You could feel the tension in the hot stinking air of the most landlocked city on earth. Uyghur separatists had set off bombs all across China, including three buses blown up in Urumqi a few months earlier. The Chinese dispatched hundreds of suspected Uyghur dissidents to reeducation camps. Scores were put on trial and summarily shot. Good jobs in government and private business were reserved for Han Chinese only, adding sky-high unemployment to cultural apartheid. Han policemen manning roadblocks surrounding the old Muslim quarter tried to discourage me from entering the quarantined zone. "There's nothing of interest there," a cop told me. I insisted. When I arrived at the square in front of a dilapidated mosque, Uyghur men wearing white skullcaps glared menacingly at Han colonists driving past in shiny new Volvos. Fortunately, they brightened up when they learned that I was American.

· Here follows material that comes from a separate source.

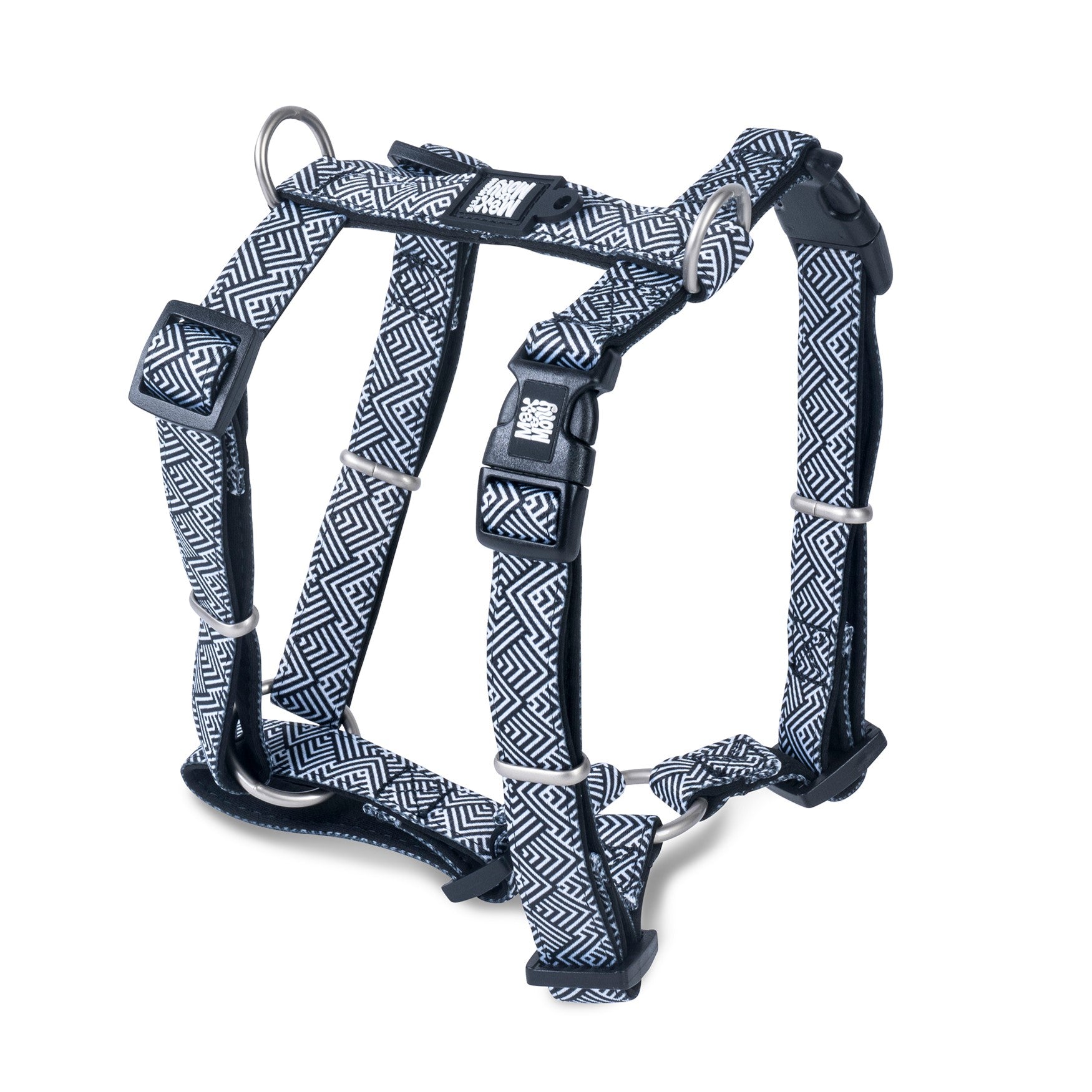 The Max&Molly H-Harness Mykonos Black dog harness offers a perfect fit for all dog sizes and activities, featuring vibrant designs and durable materials.

"We love the United States!" one man told me. "They will come help us kick out China." The largest Uyghur independence group, the East Turkestan Islamic Movement (ETIM), seeks the recreation of the free Republic of East Turkestan declared by earlier Uyghur rebels.

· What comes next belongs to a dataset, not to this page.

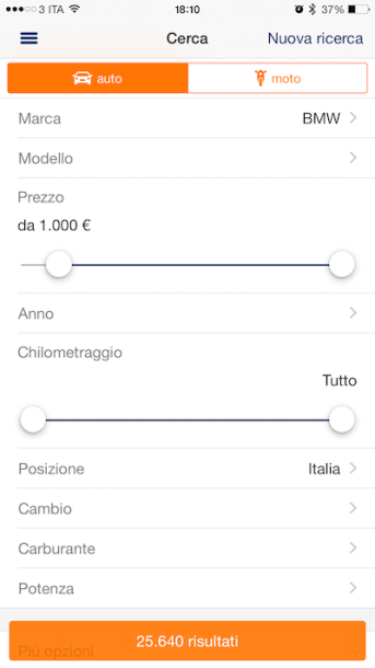 A questo punto l’ applicazione è impostata per cercare le BMW usate nella zona di Roma. (Questo il link alla pagina del sito desktop).

"I listen to Radio Free Asia," knowingly added an older guy. Radio Free Asia aired broadcasts in the Uyghur language. "America is coming to give us our freedom, we know that, but when exactly?"

How could I tell these people that most Americans had never heard of Uyghurs, East Turkestan, or Xinjiang? That the cavalry wasn't coming? Even being on the backburner (like the Kurds) would be an improvement given their status as non-entities.

By the time of my 1999 trip to the Silk Road city of Kashgar in southern Xinjiang, what Western media call "a low level insurgency" had heated up. The Chinese had torn down all but a few blocks of the ancient old town to put up prefab apartment buildings. But the Uyghurs weren't taking it lying down. ETIM separatists, some of whom had trained at jihadi camps in Afghanistan, were blowing up a Chinese government office every few days. "Goodbye, Interior Ministry!" gloated my server at a sidewalk noodle joint after the sound of an explosion ricocheted down the boulevard. "We are fighting hard against China to show you Americans we are serious. The U.S. stands for freedom."

Then came 9/11. The Bush Administration, wanting to avert a Chinese veto of its invasions of Afghanistan and Iraq in the U.N. security council, drafted China into the "war on terrorism" by granting it a free pass to beat up its Tibetans and Uyghurs. Citing the fact that ETIM members had received arms and training from the Taliban (but only to fight China), China convinced the U.S. State Department to declare the group a "terrorist organization" affiliated with Al Qaeda. In "Xinjiang: China's Muslim Borderland," Graham Fuller and Jonathan Lippman write that this "U.S. declaration [was] catastrophic" for the Uyghurs. The United States had given Beijing "carte blanche to designate all Uyghur nationalist...movements as 'terrorist.'"

Twenty-two Uyghurs have since joined the ranks of the "terrorists" incarcerated at Guantánanamo concentration camp. Two Uyghur men, 29 and 31, faced a U.S. military tribunal on November 19, charged only with membership in ETIM and attending a Taliban training camp for anti-Chinese fighters. Military insiders say most of the Uyghurs will eventually be released, but not to China--our ally in the "war on terrorism"--because they would probably be tortured and/or executed.

Martial law remains in force in Xinjiang. The post-9/11 crackdown began with hundreds of arrests and the executions of nine "religious extremists and terrorists." One of the dead, convicted of "contributing to disturbance by nationalist splittism forces," had been overheard joking that he hoped America would come to Xinjiang to free the Uyghurs from Chinese rule.